ACTIVITY: Please go line by line through the material and copy each one containing the word "pour".

LISTED RECORDS:
-*-

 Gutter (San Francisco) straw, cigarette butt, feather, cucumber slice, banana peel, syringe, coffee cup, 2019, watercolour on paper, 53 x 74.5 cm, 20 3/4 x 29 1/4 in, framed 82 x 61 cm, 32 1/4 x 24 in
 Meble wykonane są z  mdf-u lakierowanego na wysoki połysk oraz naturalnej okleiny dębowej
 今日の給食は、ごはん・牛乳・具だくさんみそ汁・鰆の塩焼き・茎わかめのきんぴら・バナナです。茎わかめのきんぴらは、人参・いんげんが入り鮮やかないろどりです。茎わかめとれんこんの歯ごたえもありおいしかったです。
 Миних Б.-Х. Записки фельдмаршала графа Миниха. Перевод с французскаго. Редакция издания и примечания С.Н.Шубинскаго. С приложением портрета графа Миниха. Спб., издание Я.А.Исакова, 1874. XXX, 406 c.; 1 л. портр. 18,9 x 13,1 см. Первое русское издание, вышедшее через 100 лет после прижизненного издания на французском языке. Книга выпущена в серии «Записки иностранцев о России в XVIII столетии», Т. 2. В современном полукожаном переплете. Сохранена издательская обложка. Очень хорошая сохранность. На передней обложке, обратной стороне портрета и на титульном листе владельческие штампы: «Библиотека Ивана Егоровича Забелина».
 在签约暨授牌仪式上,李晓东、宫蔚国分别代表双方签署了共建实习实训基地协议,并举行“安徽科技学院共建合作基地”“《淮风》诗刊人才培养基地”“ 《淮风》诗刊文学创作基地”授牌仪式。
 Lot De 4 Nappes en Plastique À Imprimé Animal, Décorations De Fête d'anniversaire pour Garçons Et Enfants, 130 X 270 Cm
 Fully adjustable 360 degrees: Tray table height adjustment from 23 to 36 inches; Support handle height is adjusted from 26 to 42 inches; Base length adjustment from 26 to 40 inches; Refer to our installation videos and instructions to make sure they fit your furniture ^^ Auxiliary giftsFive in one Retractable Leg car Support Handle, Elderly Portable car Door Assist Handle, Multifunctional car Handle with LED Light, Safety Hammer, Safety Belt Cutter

-*-

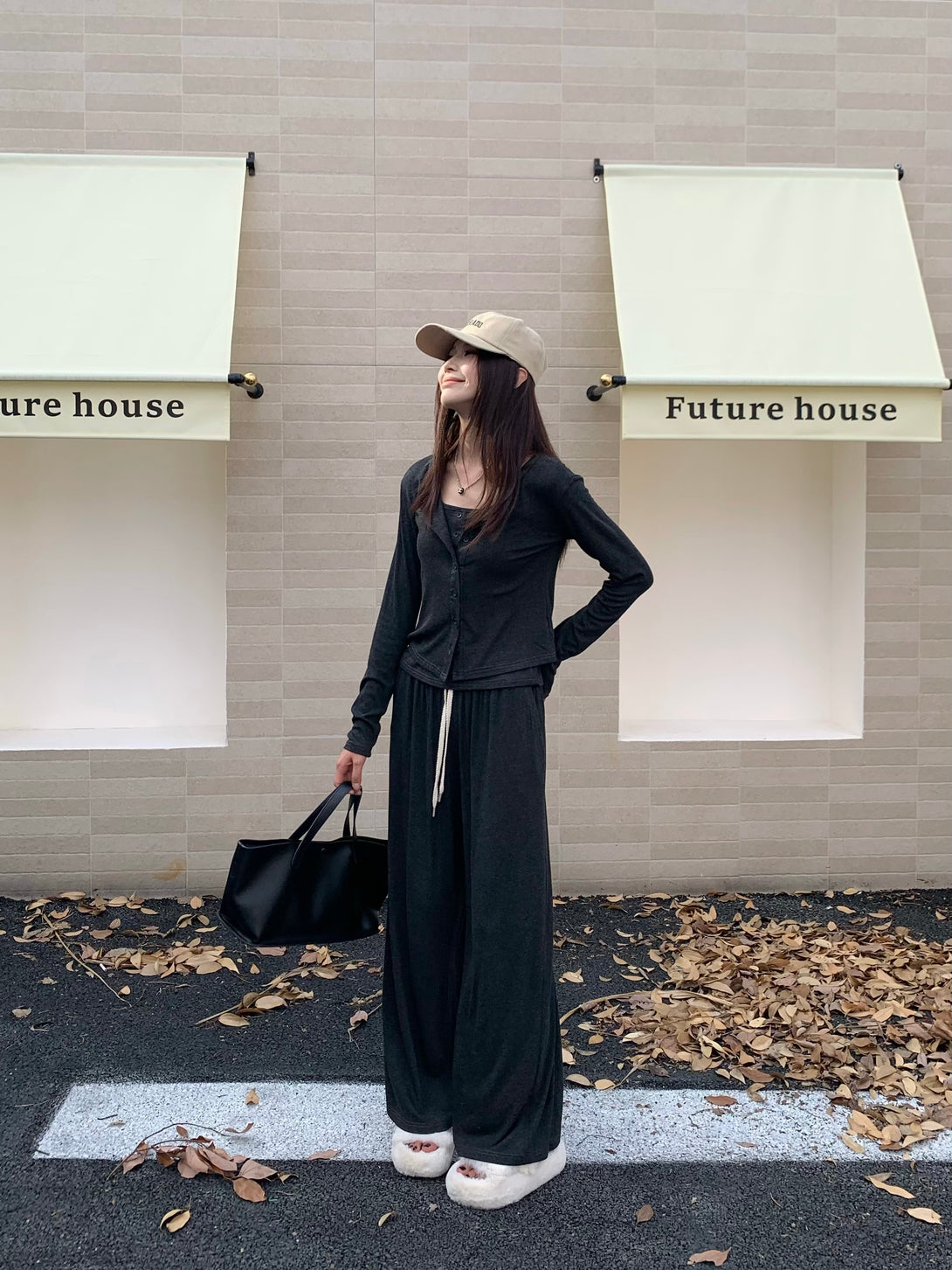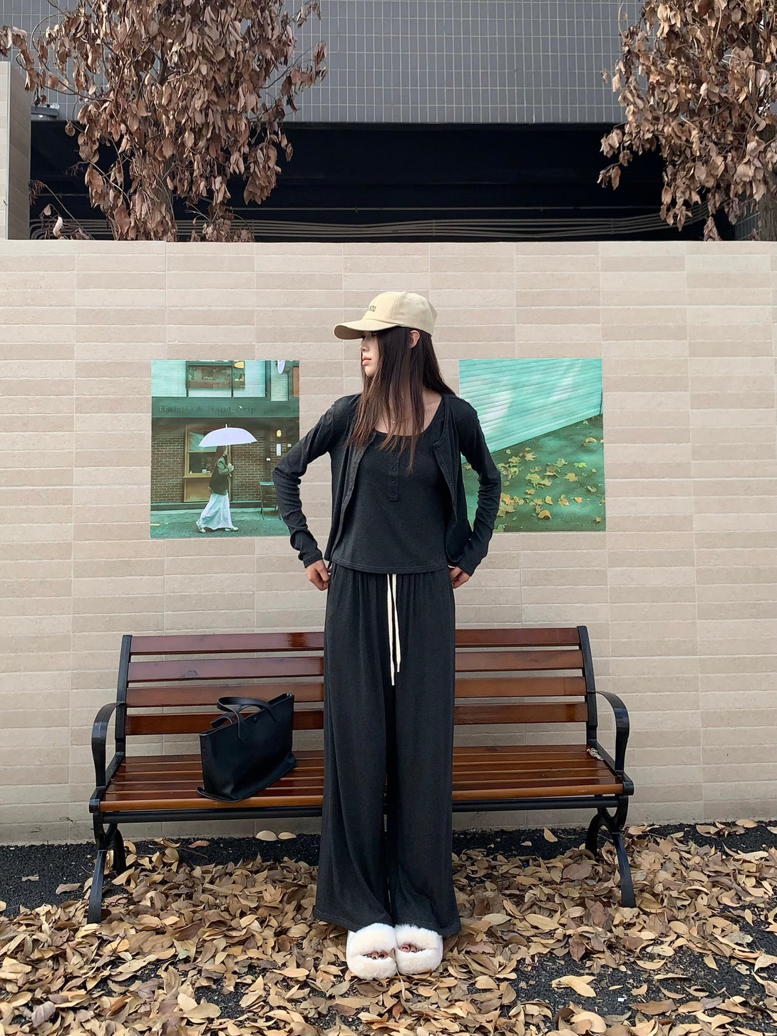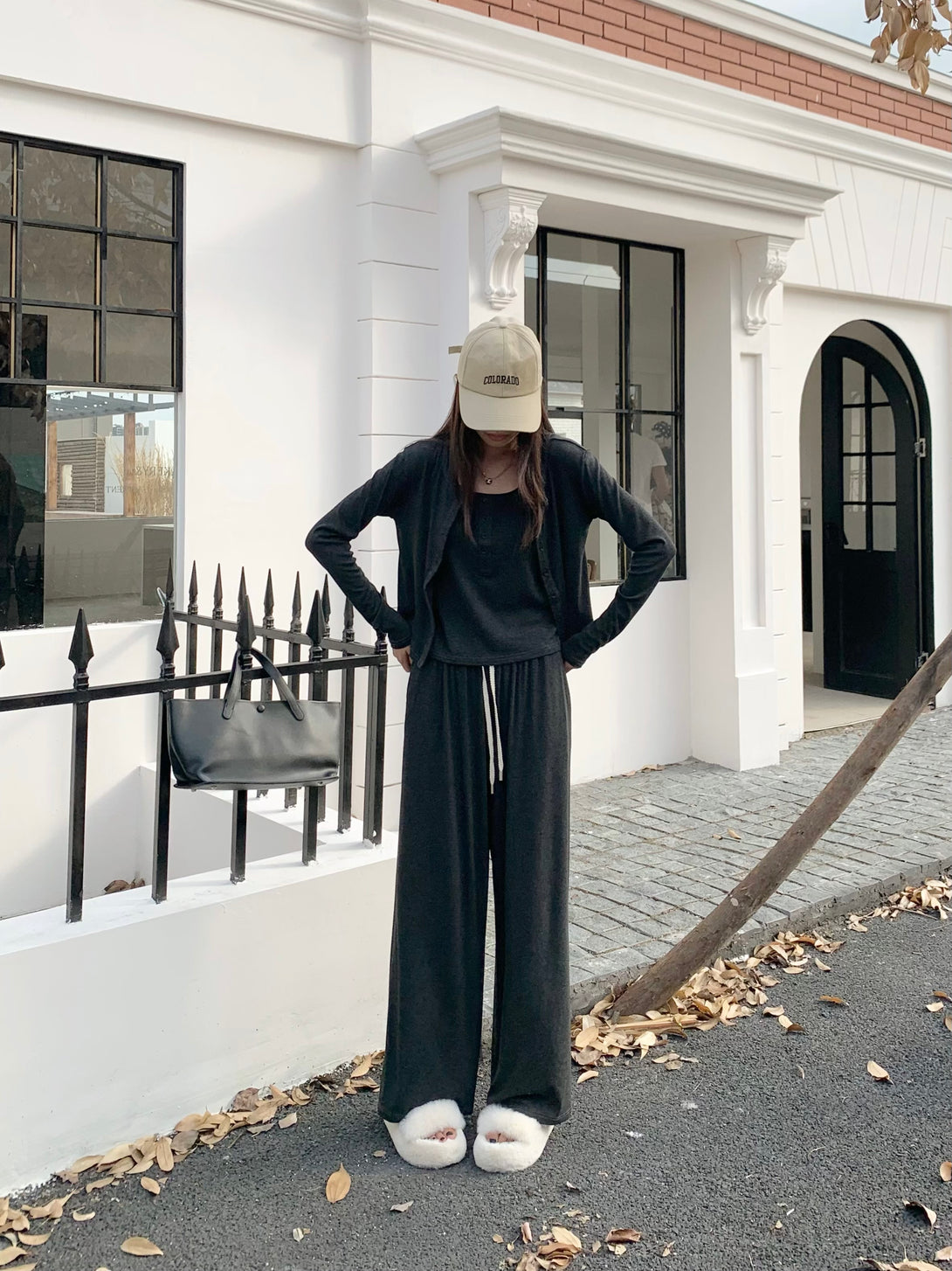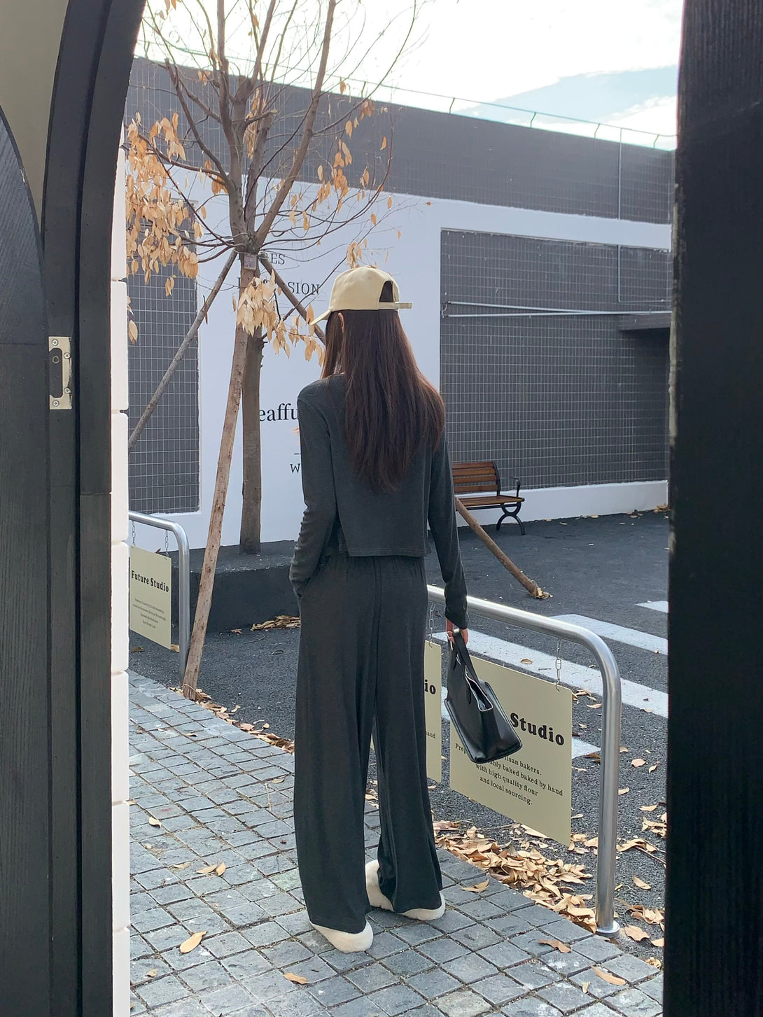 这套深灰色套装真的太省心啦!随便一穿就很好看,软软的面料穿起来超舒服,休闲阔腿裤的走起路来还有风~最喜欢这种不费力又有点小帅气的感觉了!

-*-

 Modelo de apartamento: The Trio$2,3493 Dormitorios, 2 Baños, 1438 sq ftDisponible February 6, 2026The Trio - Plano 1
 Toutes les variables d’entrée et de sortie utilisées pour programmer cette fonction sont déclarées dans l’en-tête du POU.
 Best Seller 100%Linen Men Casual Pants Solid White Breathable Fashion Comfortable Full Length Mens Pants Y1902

-*-

EXERCISE RESULT:
 Lot De 4 Nappes en Plastique À Imprimé Animal, Décorations De Fête d'anniversaire pour Garçons Et Enfants, 130 X 270 Cm
 Toutes les variables d’entrée et de sortie utilisées pour programmer cette fonction sont déclarées dans l’en-tête du POU.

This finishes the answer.